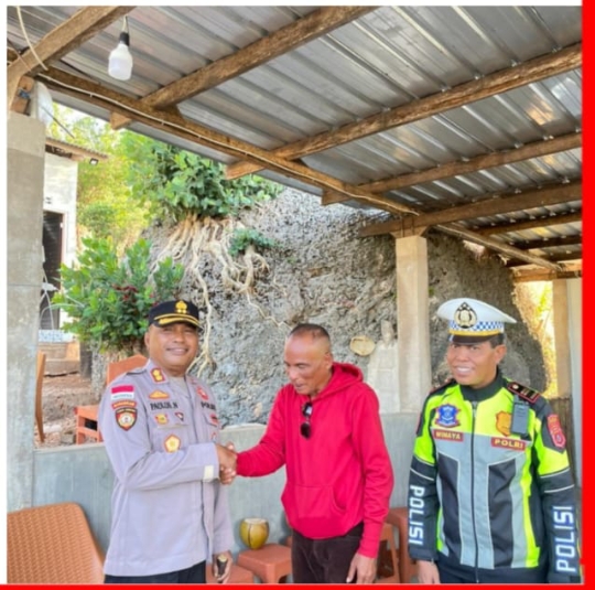 Kapolres Sabu Raijua, AKBP Paulus Naatonis, S.I.P., M.H., didampingi Kasat Lantas Polres Sabu Raijua, IPTU I. Ketut Winaya, beserta anggota Satlantas Polres Sabu Raijua, mengunjungi kediaman Purnawirawan Polri, Bapak Mikael Wilahere, di Desa Daiyeko, Kecamatan Hawu Mehara. Kegiatan ini merupakan wujud kepedulian Polri kepada masyarakat, dengan semangat “Polantas Menyapa.”
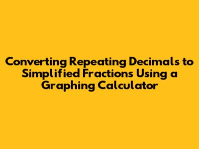 Converting repeating decimals to simplified fractions might seem tricky at first, but with the right tools and techniques, it becomes a manageable task. Whether you prefer using a graphing calculator for its speed and efficiency or the manual method for its conceptual clarity, the key is to understand the process and practice consistently.
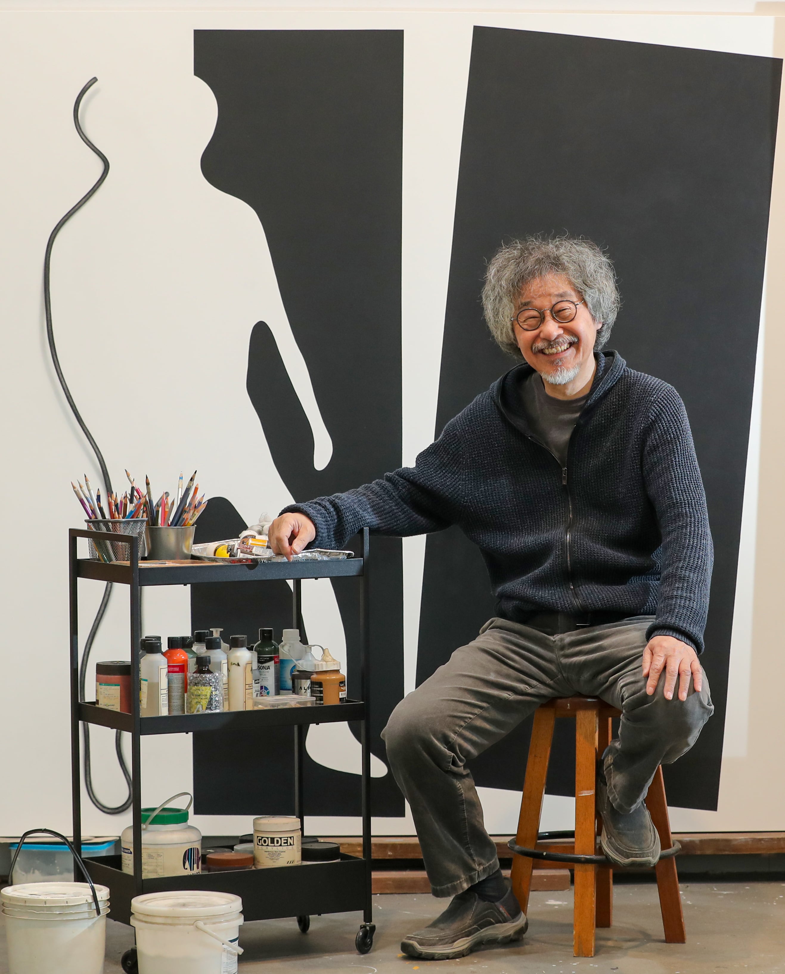 경기도 광주시 곤지암 작업실에 찾아갔을 땐 이사 준비가 한창이었다. 15년간 집과 화실을 겸하던 곳을 정리하고 서울로 옮길 작정이라고 했다. 대형 탁자 위에는 검은 실루엣이나 간결한 윤곽선으로 그린 갖가지 인간 군상들이 펼쳐져 있었다. 종이나 금속 판을 오려내 실루엣이나 그림자 형상을 만들고, 그것들을 그림으로 재조립해 작품을 만든다. 수상 소감을 묻자 그는 “좋은 작가가 많은데 늙은이한테 상을 줘서 무슨 소용 있나 싶다”면서도 “제 나름대로 평생 작업을 해왔는데 주목해 주는 사람이 있었구나 싶어 기쁘다”고 했다.

*ABOUT THIS EXERCISE*.
Find the line with "Converting repeating decimals" in the listing and extract it and all lines after it through the end, exactly, without the pictures.

*RESPONSE*.
 Converting repeating decimals to simplified fractions might seem tricky at first, but with the right tools and techniques, it becomes a manageable task. Whether you prefer using a graphing calculator for its speed and efficiency or the manual method for its conceptual clarity, the key is to understand the process and practice consistently.
 경기도 광주시 곤지암 작업실에 찾아갔을 땐 이사 준비가 한창이었다. 15년간 집과 화실을 겸하던 곳을 정리하고 서울로 옮길 작정이라고 했다. 대형 탁자 위에는 검은 실루엣이나 간결한 윤곽선으로 그린 갖가지 인간 군상들이 펼쳐져 있었다. 종이나 금속 판을 오려내 실루엣이나 그림자 형상을 만들고, 그것들을 그림으로 재조립해 작품을 만든다. 수상 소감을 묻자 그는 “좋은 작가가 많은데 늙은이한테 상을 줘서 무슨 소용 있나 싶다”면서도 “제 나름대로 평생 작업을 해왔는데 주목해 주는 사람이 있었구나 싶어 기쁘다”고 했다.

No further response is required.